The evaluation engine is the part of Wikifunctions responsible for
evaluating function calls. That is, it is the part that gets asked, “Hey,
what’s the sum of 3 and 5?” and answers, “8”. Our evaluation engine is
principally separated into two main parts: the function orchestrator
<https://gerrit.wikimedia.org/r/plugins/gitiles/mediawiki/services/function-…>,
which receives the calls and collates the functions and any data needed to
process and evaluate the calls; and then the function executor
<https://gerrit.wikimedia.org/r/plugins/gitiles/mediawiki/services/function-…>,
which runs the contributor-written code, as instructed by the orchestrator.
As the executor can run uncontrolled native code, it lives in a tightly
controlled environment and has only minimal permissions beyond the limited
use of compute and memory.
The orchestrator will also rely heavily on caching: if we have just
calculated the sum of 3 and 5, and someone else asks for that too, we’ll
just take it from the cache instead of re-running the computation. We'll
also cache function definitions and inputs within the orchestrator, so that
if someone asks for the sum of 3 and 6 we can answer more swiftly.
But this is just our production evaluation engine. We are hoping that
several other evaluation engines will be built, like the GraalVM-based one
<https://github.com/lucaswerkmeister/graaleneyj> on which Lucas Werkmeister
is already working. In order to support the development of evaluation
engines, we are working on a test suite that other evaluation engines can
use for conformance testing. If you’re interested in joining that effort,
drop a note on this task <https://phabricator.wikimedia.org/T275093>. The
test suite, as well as the common code used by several parts of our system
to handle ZObjects, will live in a new library repository, function-schemata
<https://gerrit.wikimedia.org/r/plugins/gitiles/mediawiki/services/function-…>
.
This development has been a bit out of order from the original plan we
conceived last August. In fact, we are thinking of changing the order of
some of the developments, and we expect to do significant parts of it in
parallel. Having the evaluation engine available earlier makes it possible
to start the security and performance reviews in a timely manner, and to
validate our architectural plans. Originally, we had only planned for an
evaluation engine that understands a programming language in Phase θ, and
to support only a single programming language until after launch. We have
now changed that to be much sooner, and also we plan to support at least
two programming languages right at launch. This change will help us avoid
the pitfall of possibly getting stuck with a design that only works for one
programming language. Having two or more will better commit us to a
multi-environment project, in terms of programming languages.
In other news
The deadline for submissions to the Wikifunctions logo concept
<https://meta.wikimedia.org/wiki/Abstract_Wikipedia/Wikifunctions_logo_conce…>
is coming closer: submissions are accepted until Tuesday, 23 February,
followed by a two-day discussion before the voting on which concept to
develop starts on Thursday, 25 February. Currently, we have 17 submissions
(and some additional variants).
There have been a number of talks and external articles which may be of
interest.
We gave a presentation at the Graph Technologies in the Humanities: 2021
Virtual Symposium
<https://graphentechnologien.hypotheses.org/tagungen/graph-technologies-in-t…>.

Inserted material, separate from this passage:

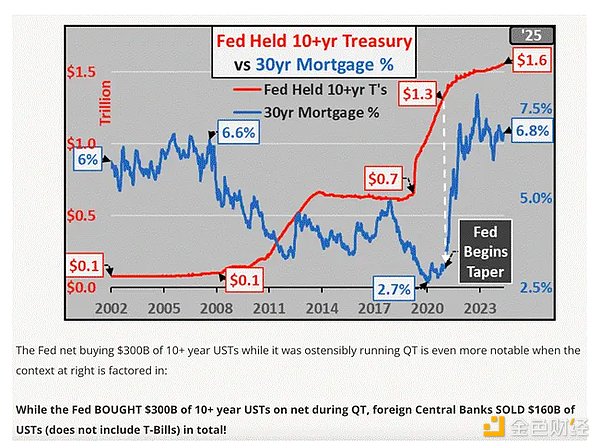 美联储正在缩减资产负债表。然而,美联储有权决定如何缩减,尤其是考虑到政策授权是净缩减,而不是所有期限的均匀缩减。耶伦和现在的贝森特需要为政府巨额的“臭屎债”提供资金。外国投资者和美国私营部门热衷于购买国债,因为它们是短期债券,而且有收益。这意味着它们是高收益的现金替代品,比低收益的银行存款更可取。但没有人想要长期国债,也就是10年期及以上的国债。美联储为了帮助耶伦和现在的贝森特为政府提供资金,通过实施10年期国债量化宽松政策,帮了他们两个大忙。鲍威尔一边说政府赤字是个问题,一边又继续通过允许收益率保持在政治上可接受的低水平来容纳上述支出,这非常不诚实,因为美联储开动印钞机压低了10年期国债收益率。

You can watch our pre-recorded presentation
<https://thm.cloud.panopto.eu/Panopto/Pages/Viewer.aspx?id=30dcef00-63a2-44b…>
for the symposium. It was followed by ample time to discuss the project;
unfortunately, the discussion itself will not be published.
We also presented at the NSF Convergence Accelerator Series
<http://spatial.ucsb.edu/2021/Denny-Vrandecic>.The talk is very similar to
the previous talk, but this recording includes the discussion following the
talk.
The Tool Box Journal - A Computer Journal For Translation Professionals
Issue 322 <https://internationalwriters.com/toolkit/current.html> reports
on Abstract Wikipedia, Wikifunctions, and Wikidata. I found it very
interesting to see how the projects are perceived by professional
translators, and their comparison of Wikidata to a termbase.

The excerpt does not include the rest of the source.